Well known in the art is a stencil printing device in which a perforated stencil sheet is wound around a circumferential surface of a cylindrical printing drum with an ink supplied thereto, and in which the ink is transferred from the printing drum to a printing sheet through the perforated stencil sheet by pressing the printing sheet to the printing drum while the drum is rotated.
In a stencil printing above, it has been proposed in Japanese patent laid open publication (Kokai) No. 62-127276 that the printing density of an image to be printed on a printing sheet is variably set by variably setting a pressing force to be applied to the printing sheet against the printing drum, in accordance with the printing density information given by a means for setting printing density information, for instance, a printing density set up key provided on an operation panel.
Furthermore, since the printing density in stencil printing changes with printing speed, Japanese patent laid open publication (Kokai) No. 06-155880 has already proposed a method for implementing stencil printing at a desired density irrespective of the change in printing speed. This method comprises variably setting a pressing force applied to the printing sheet against the printing drum, in accordance with printing speed information given by a means for setting printing speed information, for instance, a printing speed set up key provided on an operation panel.
With recent diversification in quality of printing paper and originals, there is a demand on a stencil printing device which can more widely and finely control printing density. Particularly, in case stencil printing is performed using a photograph as an original, reproduction of a wide range of gradation is desired; hence, the printing density must be set properly in accordance with quality of printing paper to obtain a desired gradation range. Furthermore, in order to reproduce a desired color hue in case of multicolor printing, density of each of colors to be mixed together should be accurately controlled. Besides, in case printing is overlaid on a sheet in the same color, printed product would be messy in appearance if printing density of the second printing is different from that of the first printing. Thus, the printing densities of the first and second printing must be matched accurately.

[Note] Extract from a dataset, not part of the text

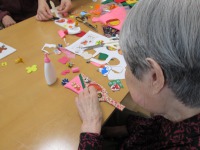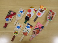 まっさらの羽子板に、切り絵や布の小物を張り付けて、一人ひとり個性のある羽子板が仕上がりました。

In case of the conventional printers described above, however, even if the same printing density is set by the printing density set up key of the printer, actual printing density differs depending on printing paper because the printing density is largely influenced by quality of printing paper. Moreover, degree of pressing force that compensates for a change in printing speed to obtain the same printing density had to be determined only by experience. Thus, to obtain the same printing density in the actual printing performed at a high speed as that realized in trial printing carried out at a lower printing speed, trial printing had to be carried out repeatedly, and much experience was necessary. Needless to say, it has been furthermore difficult to accurately predict printing densities at various combinations of printing speed and pressing force.